After a long break of over a month which involved shifting residence and a whole lot of other domestic commitments, I have finally found the time to sit down and enjoy the blogging world. It has been a wonderful feeling connecting with several others for whom cooking is a passion. Going through the treasure house of food blogs online has not only widened my knowledge but must admit has made me really hungry too. I must go across to the kitchen and get a quick bite to pamper my poor tastebuds.
Food blogs and websites dedicated solely to food sure have made it easy for those who plan to make a foray into the world of cooking. With tips and an array of multi-cuisine recipes, you can select from a long list and find exactly what interests you. When I began my culinary experiments this was not an option that was available in India. So it was the cookery shows and the recipe books that played the role of the guide and yes, there are loads of tried and tested recipes of my mother and mother-in-law that saw me through the troubled times of culinary experiments.
This is one of my mom’s wonderful prawn recipes. I just love the flavour of coconut combined with the other spices and the tangy flavour of tamarind that completes it so wonderfully. My mom is an expert with making fish and prawns. There’s really nothing I have tasted that can beat her fish curry and of course this prawns recipe.
About the Prawn Curry
This prawns curry is a traditional Kerala style prawn recipe that has a brown coconut gravy or sauce. I admit that it does involve a little bit of effort, but believe me every bit of it is worth it. This would go great combined with steamed rice. My husband particularly feels that since the curry is a blend of exotic Indian condiments and spices, it must be had with plain rice (and strictly not flavoured rice) to really enjoy the taste of the prawn curry.
Ingredients for the Kerala style prawn curry:
Prawns -1/2 kg (small, de-skinned and deveined)
Coconut-1 cup (grated)
Turmeric powder-1/2 tsp
Dried red chilli- 2
Coriander seeds – 1 tbsp(whole)
Curry leaves- a handful
Tamarind water- ½ cup or according to taste
Garlic- 4 to 5 flakes
Salt – to taste
Method for making the prawn curry:
1-Boil, washed and cleaned prawns with a cup of water ( do not add too much water as prawns would also release water), turmeric powder, asafoetida and salt to taste. When the prawns are more than half done, add the tamarind water.
*In traditional kerala style cooking there is a special tamarind used to make fish curries. It is known as “Kodam Puli” in Malayalam. It is 3-4 pieces of this special tamarind that my Mother adds at this stage of cooking. However, you could add tamarind water instead. Add curry leaves and boil for about 5-8 minutes.

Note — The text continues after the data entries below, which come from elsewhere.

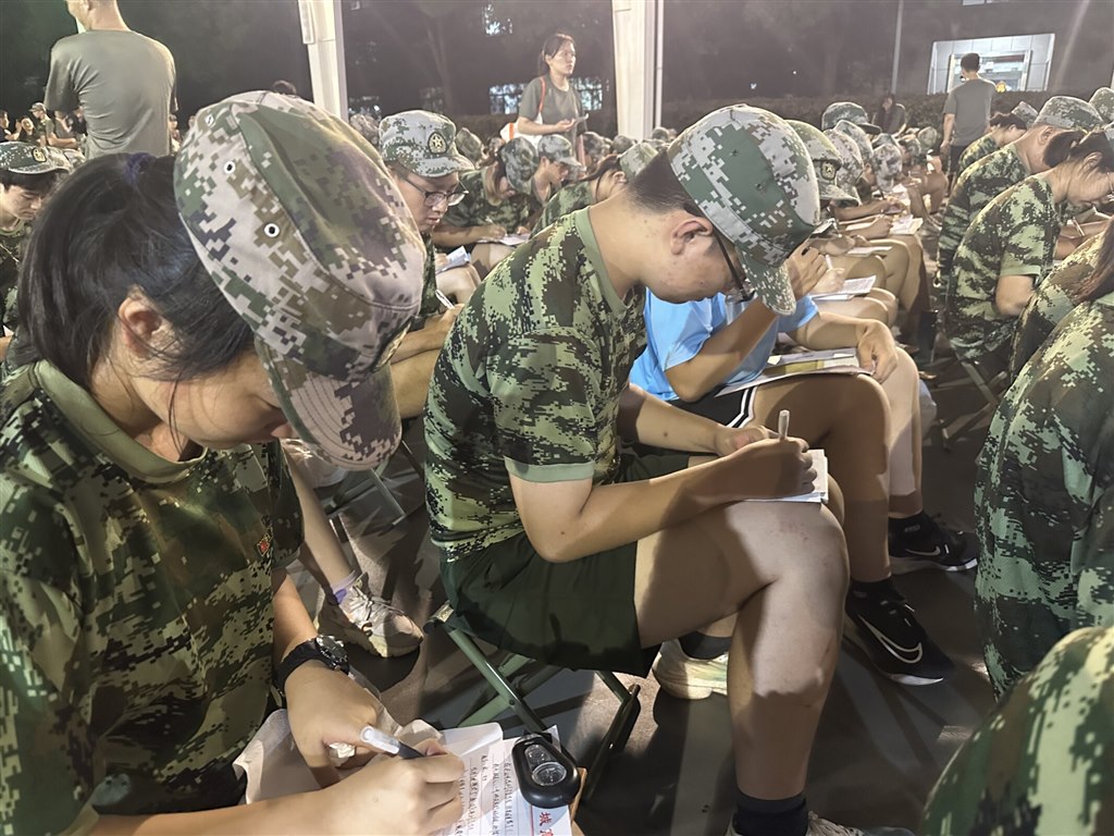 夜幕垂落,训练后的疲惫被灯光柔化。我们穿着迷彩服围坐,笔尖触到信纸的刹那,仿佛要把几日军训的时光,都细细织进给父母的话语里。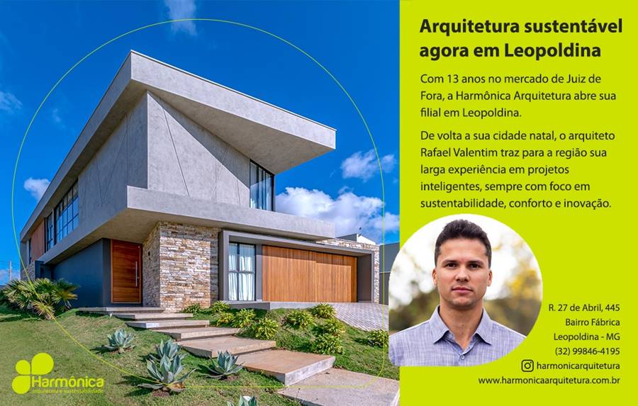 Leopoldina conta agora com a Harmônica Arquitetura, empresa com 13 anos de experiência no mercado de Juiz de Fora e que tem à frente o arquiteto leopoldinense Rafael Valentim (foto acima).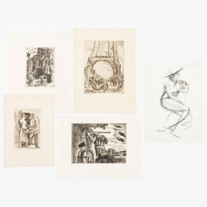 MARCEL GROMAIRE (1892-1972) Lot varié de quatre eaux-fortes, signées et numérotées au crayon (sur 30 ex.): - Couple, 1926. Monogramme et date dans la planche. - Sous la Tour Eiffel. - 'Marin au cabaret'. - Chasseur. Tot.: 4 ex.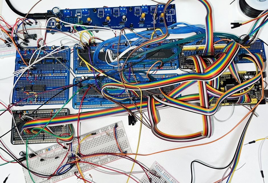 Does your build still look like this (below)? If so, you have <ahem> some tidying up to do! It's not just a matter of the length of all those cables. It also matters (a lot!) how the power and ground pins of your IC's get interconnected. For starters, cables between boards need to include at least one ground conductor (and ideally a power conductor too), attached to the local ground/power at each end. There are other requirements, too.

2- Take another pan for preparing the coconut paste. Add 1 tsp oil. Add the grated coconut, whole coriander seeds, dry red chillies and garlic. Sauté till the coconut turns golden brown. Grind in the mixer to a smooth paste. Add a little water if required (however, do not add too much water or the color of your gravy would turn out a light brown color instead of the rich brown yummy gravy).
3- Add this coconut paste to your prawns and let it simmer for about 10 mins. Take another pan and fry small pieces of coconut till golden brown. Add this alongwith a handful of fresh curry leaves to your gravy for an added flavor and taste.